Avoiding Paycheck to Paycheck Lifestyle Pitfalls

 

 

Do you have a paycheck mentality or a net worth mindset? Ana is a 30-year-old creative director for a top advertising company. She is able to lease a one-bedroom condo unit in the business district, get an SUV on a mortgage, and can afford daily luxuries. Ana may seem to fit the description of a “rich” person in the Filipino society. However, this is just one side of the coin. This millennial professional accumulates credit card debts faster than she earns. Just 3 months after getting her job promotion (and pay raise), she was already surviving on a paycheck-to-paycheck basis with a huge bulk of her net income going to her bills and debts.

 

The Filipino’s measure of success

 

 

 

 

 

 

 

 

Photo by Pixabay

In the Philippines, parents raise their kids to believe that there’s only one wayof living a meaningful life: earn a college degree, get a good job, start a family, and eventually retire. Being an employee and climbing up the corporate ladder for a better pay is considered the ultimate success. It’s a paycheck mentality. According to the book The Bogleheads’ Guide to Investing, a person with this mindset just focuses on increasing his active income (e.g. salary) to boost his wealth. In contrast, someone with a net worth mentality increases both his active and passive incomes.

 

Earning a good income doesn’t necessarily mean building one’s wealth. “Income is how much money you earn in a given period of time. If you earn a million in a year and spend it all, you add nothing to your wealth. You’re just living lavishly.” wrote the authors of The Bogleheads’ Guide to Investing. Creative director Ana may be earning more compared to thousands of her peers, but she’s not better off because she’s not building wealth. She needs to adopt a net worth mindset.

 

Your income: active and passive

In adopting a net worth mindset, there’s one concept you should learn well: passive income. This income is defined by Investopedia as “money being earned regularly with little or no effort on the part of the person who’s receiving it”. Sources of passive income include a mutual fund investment, shares of stocks, real estate, and royalty-earning ventures. An active income is the money you earn on endeavors that require your utmost attention, effort, and time such as your job. If you want to start thinking with a net worth mentality, you must create sustainable active and passive income sources.

 

Where do you stand?

Before exploring your active and passive income options, you should know where you stand. How much net worth is in your name? Get a piece of paper and write down your sources of income including your salary, earnings from part time jobs, dividends, etc. Then, subtract from your total income your debts. The resulting figure is your net worth or “wealth”. Don’t like what you see? Then it’s time to make life changes.

 

Do you REALLY need that?

Ana’s six-figure salary could’ve been a good starting point to build up her wealth has she made better financial decisions. She got a condo unit but failed to invest in a parking slot so she pays additional fees in a nearby pay parking area. Ana could’ve minimized her dine outs and prepared her meals as often as her schedule permitted. This is not only good for her pocket but also for her health. She spent on designer clothes and shoes instead of choosing clothing that suits her for a reasonable amount. Many of her purchases remained tucked under her bed, unboxed. Ultimately, Ana was living lavishly and way beyond her means. Perhaps, like many people, she believed that her money would never run out as long as she holds the job. Before buying anything especially non-essential items, ask yourself: Do I really need this right now?

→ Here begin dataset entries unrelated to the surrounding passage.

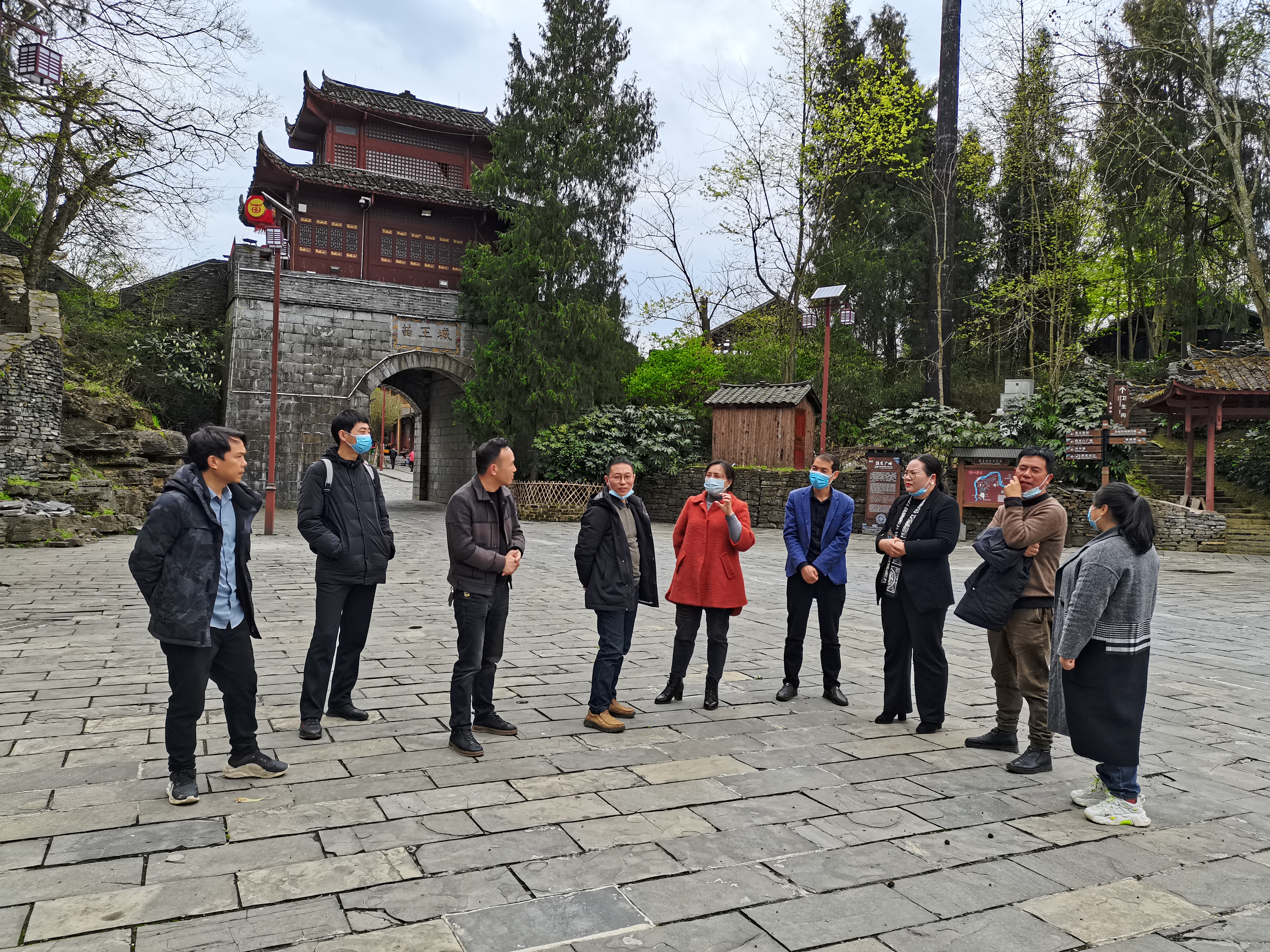 为深入挖掘苗族历史文化内涵,更好地开发利用和宣传苗族历史文化,推动苗王城景区高质量发展,助力乡村振兴。3月25日,受松桃苗王城文化旅游投资开发有限公司邀请,我院教师李锦伟、龙智先、龙开义、谢峰、姚雪洁、刘剑,中心研究员梁正海、田自立、黎帅等人赴松桃县苗王城开展民族文化调研并挂牌建立民族学田野调查基地。原铜仁市档案局(市地方志编纂委员会办公室、市档案馆)副局长(副主任、副馆长)滕继承,苗王城景区总经理吴青松,副总经理吴明昕、吴明富、贺闲,景区运营部部长吴爱枚等人陪同调研并召开座谈会。
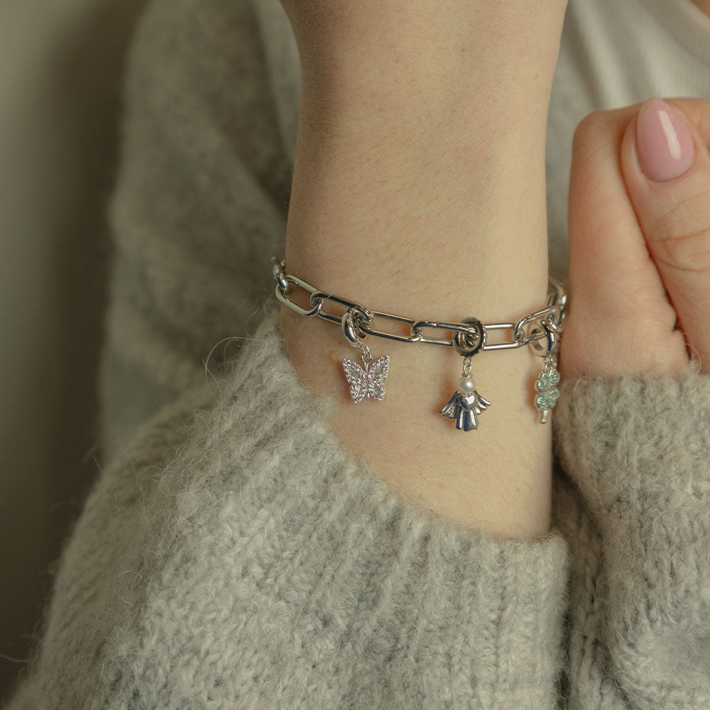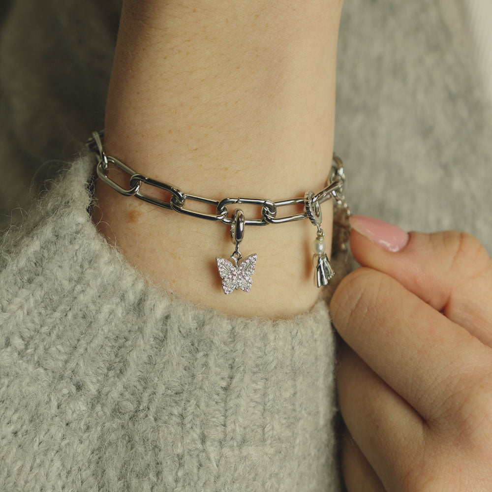 Sparkling Butterfly - Hænger Charm 4 mm Til Armbånd - Blankpoleret Sterling Sølv m. 20 Cubic Zirkonia
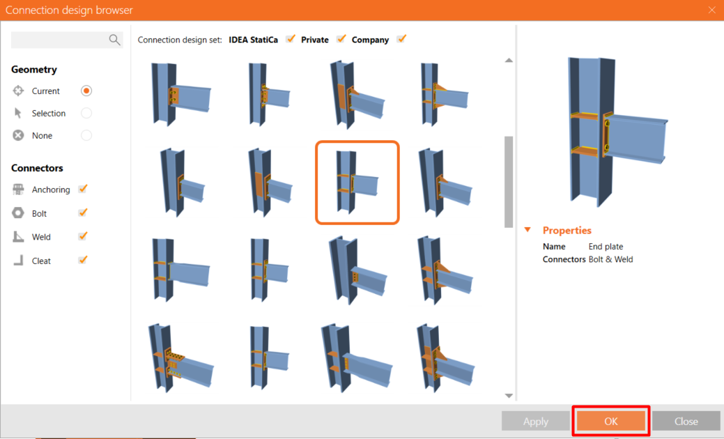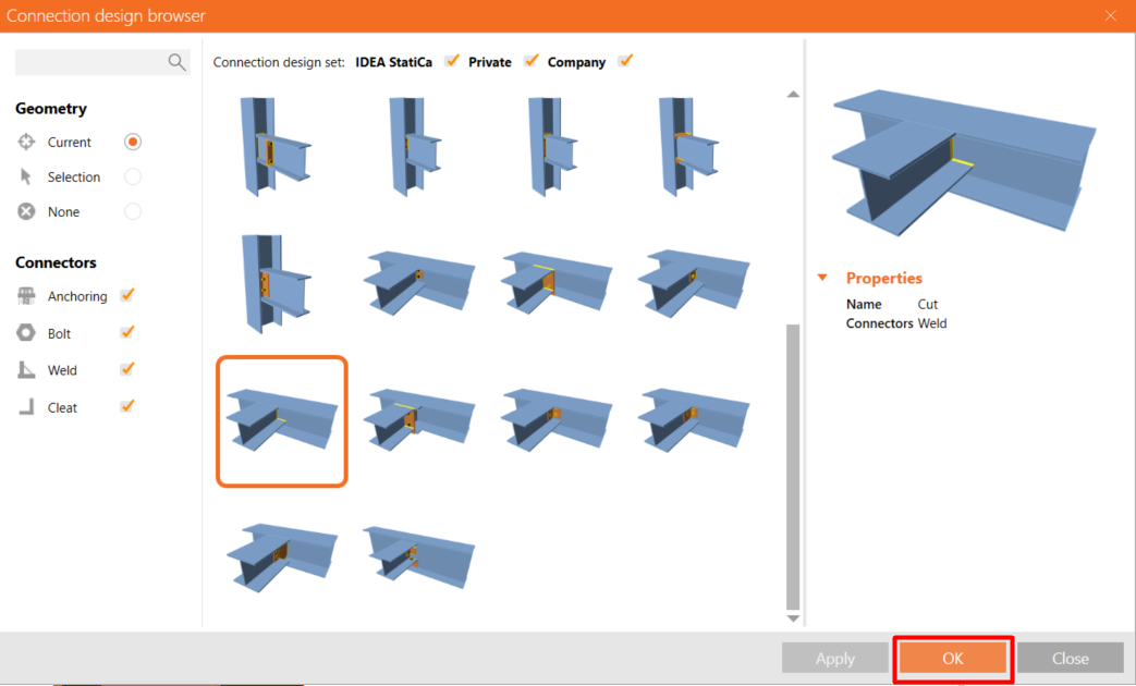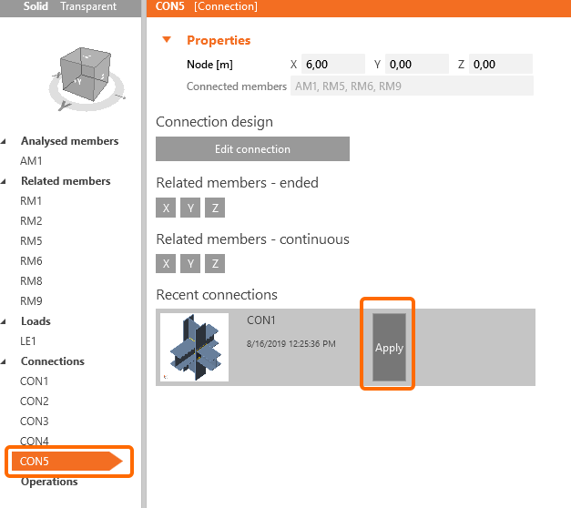 Pro návrh druhého styčníku klikněte na Připoj CON5 a poté na Použít.
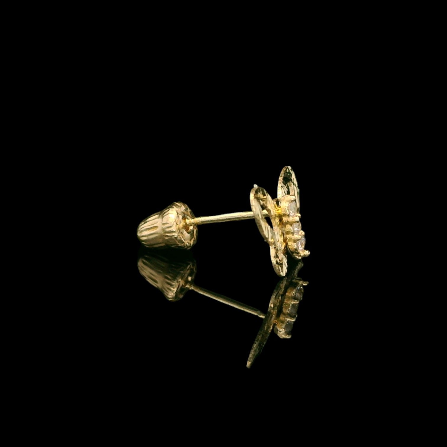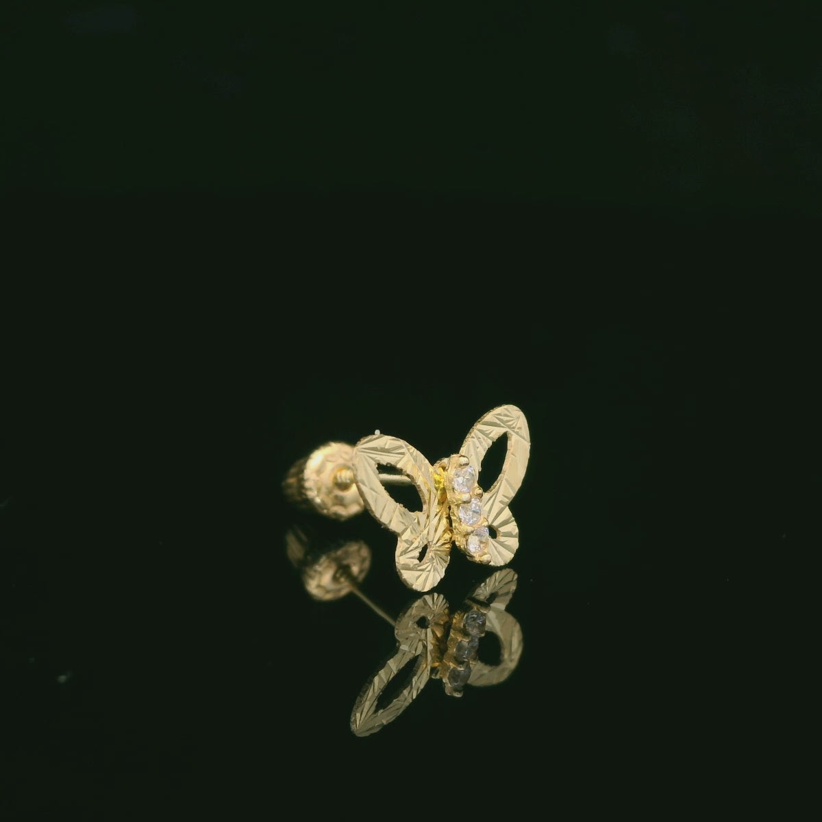 These adorable butterfly stud earrings are crafted in genuine 14K yellow gold and finished with diamond-cut detailing for extra sparkle. Each 5mm butterfly features a sleek open-wing design with three clear CZ stones down the center for a bright, eye-catching shine. Made with a secure screw-back closure (perfect for a snug, comfortable fit), they’re an easy everyday pair—cute, polished, and lightweight.
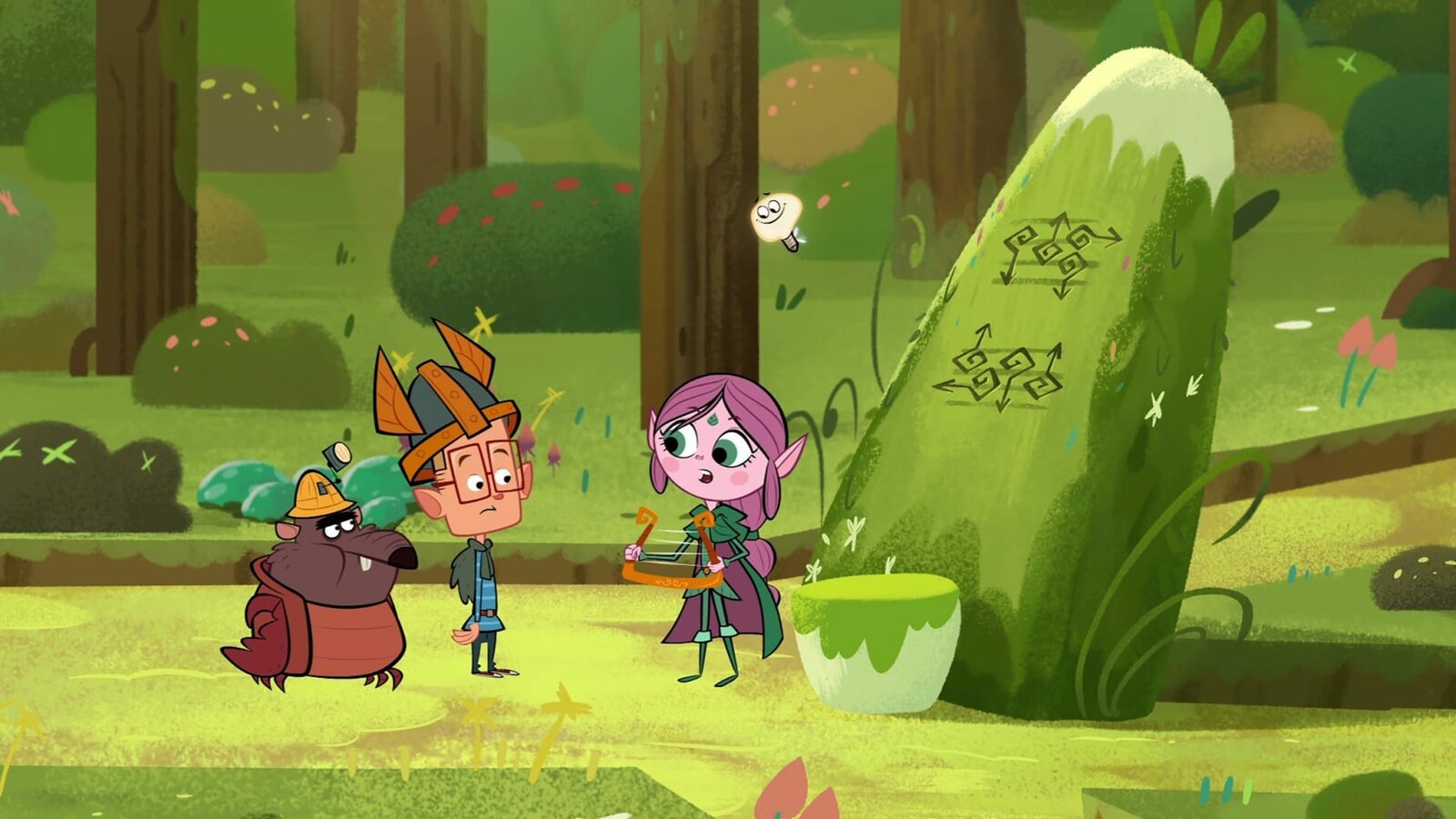 Tanz mit VipkradEphi (r.) erklärt Marcus (M.) und Ratrick, was es mit der Harfe und der Hymne der Elfen auf sich hat.Bild: © ZDF/Mondo TV France
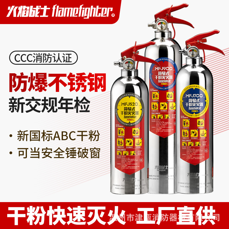 火焰战士车载灭火器不锈钢干粉灭火器便携汽车家用厨房用消防器材
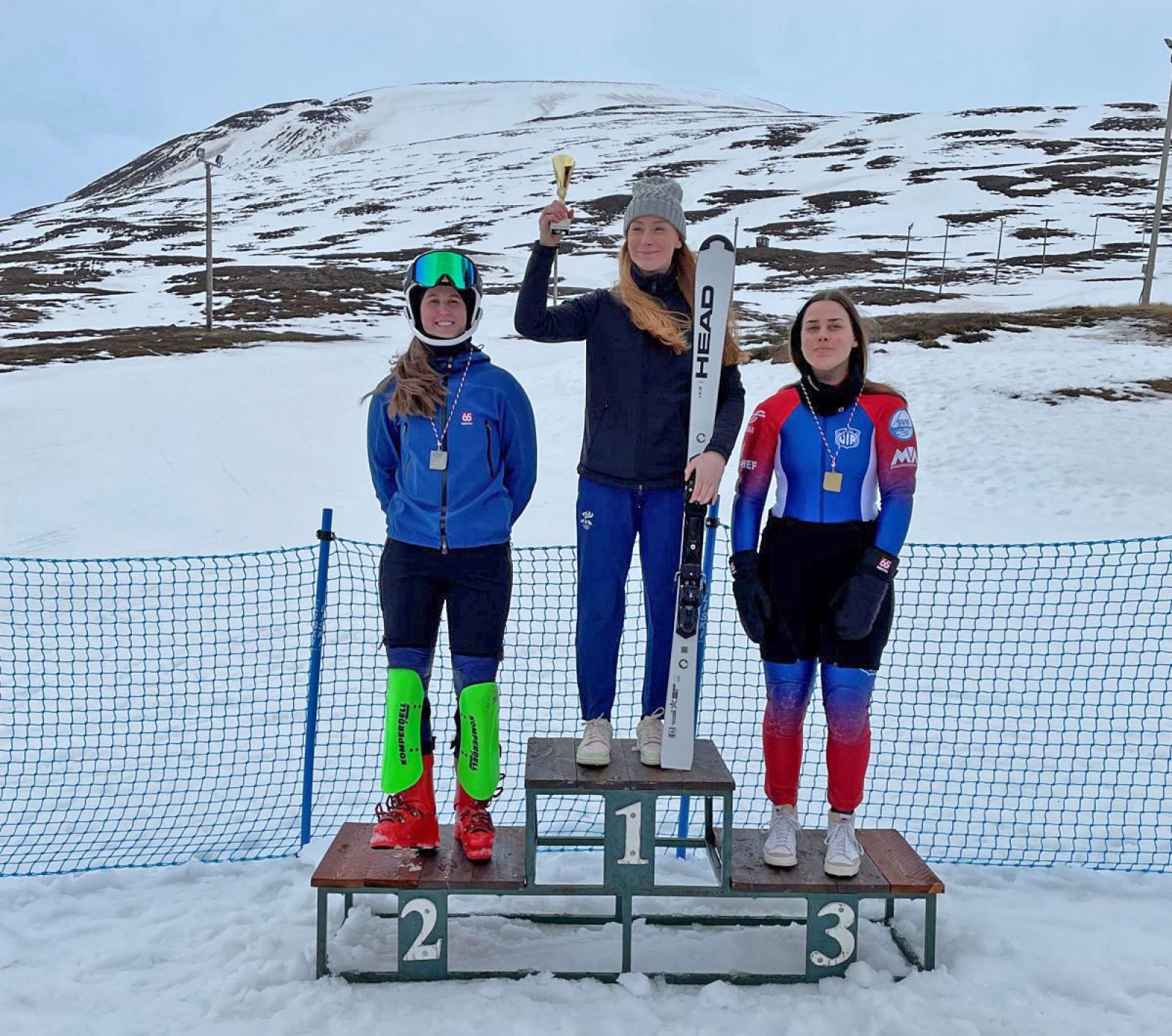 Jóhanna Lilja, lengst til hægri, á palli á Skíðamóti Íslands í vetur. Mynd: Skíðasamband Íslands.

There are some risks you shouldn’t take

Photo courtesy of Anthony Intraversato via Unsplash

The first and most important step in attaining financial freedom is to adopt the right mindset, the net worth mentality. Live within your means. Then, secure yourself. Insurance is a safety net against possible income loss due to unforeseen events such as a death of a breadwinner, accident, illness or disability. Prolonged hospitalization can wipe out your savings easily without sufficient insurance cover. Having an insurance plan is enough. You must make sure that you are adequately covered. A married individual generally needs a higher coverage than a bachelor because of his status as the breadwinner of the family. A young employee with a medical background of serious diseases may need to boost his medical insurance cover early on. Not all risks are worth taking, and one of them is not getting insured.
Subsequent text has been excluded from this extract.